## amilapsn one year ago An advanced challenge for math enthusiasts:Given any 9 reals show that there will be at least 2 distinct reals a, b such that $$\left|\frac{a-b}{1+ab}\right|\leq\sqrt{2}-1$$

1. amilapsn

@rational @amistre64 @AngusV

2. amistre64

why 9 of them? does it fail with 8 of them?

3. mathmate

pigeon-hole?

4. amistre64

sqrt(2) - 1 is less then 1/2

5. amilapsn

@mathmate si

6. amistre64

good luck

7. amilapsn

@amistre64 yes

8. amilapsn

$\Large\sf{\text{Here is the answer:}\\ \forall x \in \mathbb{R}\ \exists\ \theta\in(-\frac{\pi}{2},\frac{\pi}{2})\ such\ that\\ x=tan\theta\\ \text{For 9 reals there'll be 9 corresponding }\theta s\\ \text{Let's divide the interval }(-\frac{\pi}{2},\frac{\pi}{2})\\ \text{8 equal parts.

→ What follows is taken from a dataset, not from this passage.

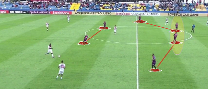 · Todo lo comentado anteriormente es consecuente a la postura y nulidad en la presión de Tauro. Los taurinos se vieron con problemas a la hora de sostener su bloque medio porque los pivotes no acompañaban sobre la línea de delanteros, quedándose siempre atrás, más comprimidos sobre la última línea. Solamente saltaban si se llegaban a asomar los extremos en posiciones internas. Pero estaban más pendientes de protegerse la espalda que de cortar el juego de los mediocentros contarios. Esto significó perder dominio, territorio y hundirse contra su área. (Imágenes de ejemplo abajo)

So out of 9 }\theta s\\ \text{there'll be at least 2 such that}\\ \theta_1-\theta_2<\frac{\pi}{8}\\ \Rightarrow tan(\theta_1-\theta_2)<tan\frac{\pi}{8}\\ \Rightarrow}\left|\frac{a-b}{1+ab}\right|<\sqrt{2}-1$

9. mathmate

@amilapsn Brilliant. I went as far as splitting the circle in eight parts, but went nowhere. Didn't think of mapping to tan theta. Thank you!

10. amilapsn

That idea suddenly came to my mind with $$\Large\sf{\tan{\frac{\pi}{8}}=\sqrt{2}-1}$$